# Компьютерные технологии > В помощь системному администратору >  Как организовать простую смену сетевых настроек?

## Serji

Есть несколько машин (ноутбуков) необходимо обеспечить их нормальную работу в сетях с разными настройками. Знаю, что есть софтина для быстрой смены настроек, но не знаю что именно.

----------


## kgsv

Mobile Net Switch

----------


## pol

Сетевое окружение\Свойства\Подключ  ение\Свойства\tcpip\

Ставим авоматические настройки, появляется вкладка "дополнительная конфигурация"  а вот там вбиваем ip формата своей домашней сети...

Таким образом

Пр подключении в другую сеть, если в ней есть dhcp то машинка получит автоматом, если нет воспользуется теми сетевыми настройками что лежат в "Дополнительная конфигурация."

----------


## Zhainbay

можно написать им несколько батников
route -p add 192.168.0.50 mask 255.255.255.0 192.168.0.1
вот.

----------


## sholast

> Сетевое окружение\Свойства\Подключ  ение\Свойства\tcpip\
> 
> Ставим авоматические настройки, появляется вкладка "дополнительная конфигурация"  а вот там вбиваем ip формата своей домашней сети...
> 
> Таким образом
> 
> Пр подключении в другую сеть, если в ней есть dhcp то машинка получит автоматом, если нет воспользуется теми сетевыми настройками что лежат в "Дополнительная конфигурация."


долго...
Если ХП то лучше приведенной выше программой
В висте такая возможность встроенна по умолчанию

----------


## PortAlex

> Сетевое окружение\Свойства\Подключ  ение\Свойства\tcpip\
> 
> Ставим авоматические настройки, появляется вкладка "дополнительная конфигурация" а вот там вбиваем ip формата своей домашней сети...
> 
> Таким образом
> 
> Пр подключении в другую сеть, если в ней есть dhcp то машинка получит автоматом, если нет воспользуется теми сетевыми настройками что лежат в "Дополнительная конфигурация."
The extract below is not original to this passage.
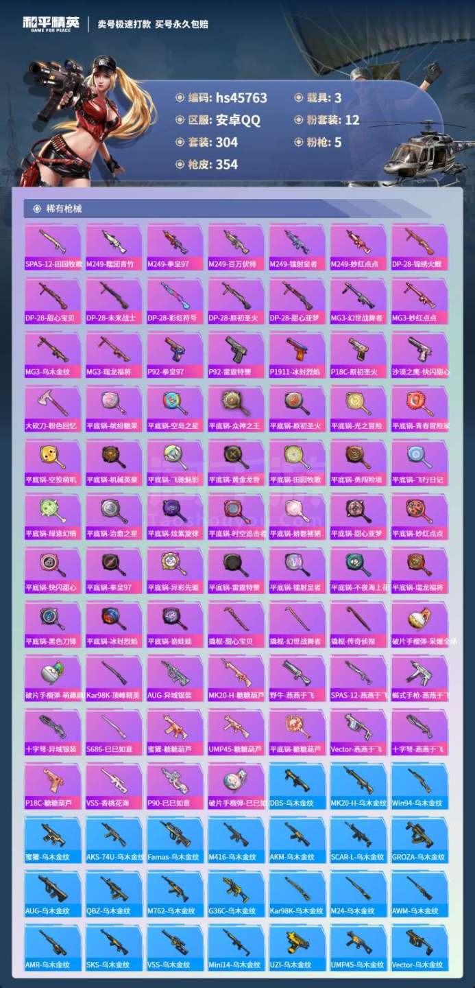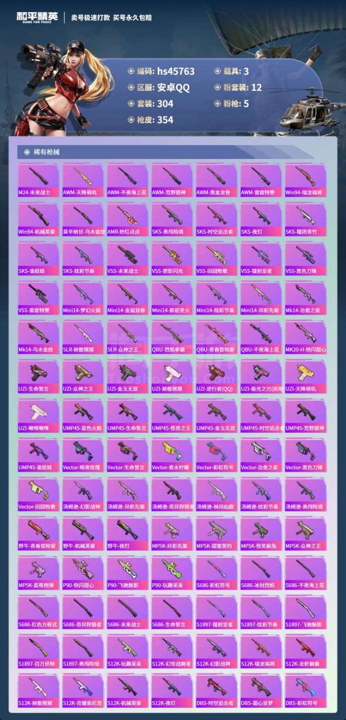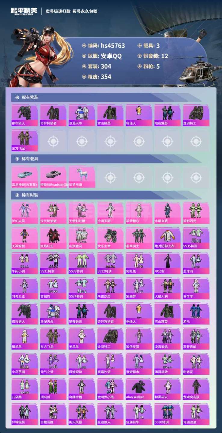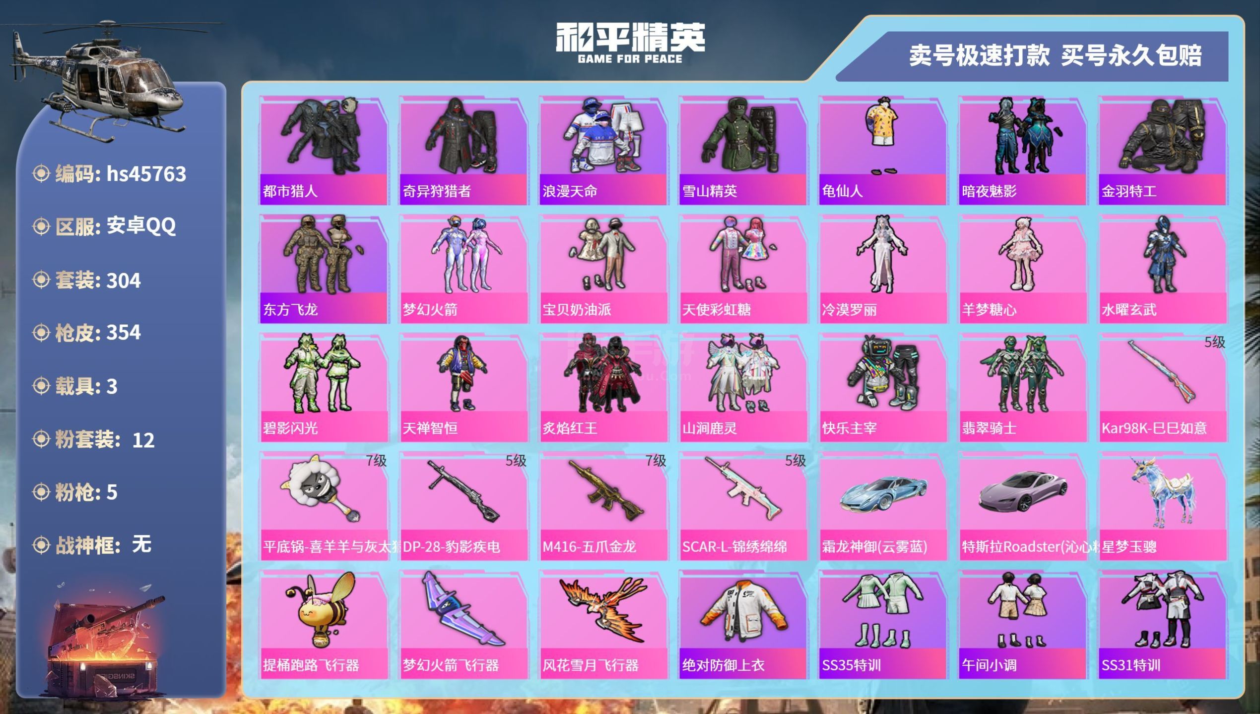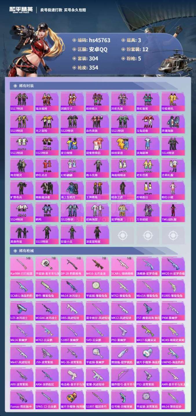 hs45763 安卓手Q-28王牌印记-12粉装-5特效枪-3载具-115118热力值-304套装-

А при использовании Proxy?

----------


## johnsm123

а по моему ХР уже поддерживает несколько адресов (ИП) и подсетей одновременно на одной сетевой карте, в тех же настройках tcp можно указать какие есть сети и какие там проксики, а винда сама будет определять какие настройки ей использовать *Скрытый текст*

----------


## serg1180

Netsetman, все на русском. По моему 8 мест расположения компьютеров, для каждого места можно прописать все настройки, начиная с имени и заканчивая принтером. Применяются настройки без перезагрузки. Бесплатна.

----------


## andreysa

> а по моему ХР уже поддерживает несколько адресов (ИП) и подсетей одновременно на одной сетевой карте, в тех же настройках tcp можно указать какие есть сети и какие там проксики, а винда сама будет определять какие настройки ей использовать *Скрытый текст*


И где же такое тамИ Только IP и маску можно альтернативную
Присоединяюсь к serg1180 http://www.netsetman.com самая удобная однако - маленькая, простая, удобная.

----------


## offspirit

свойства TCP/IP -> Дополнительно -> Параметры IP - там и дополнительные IP и шлюзы

----------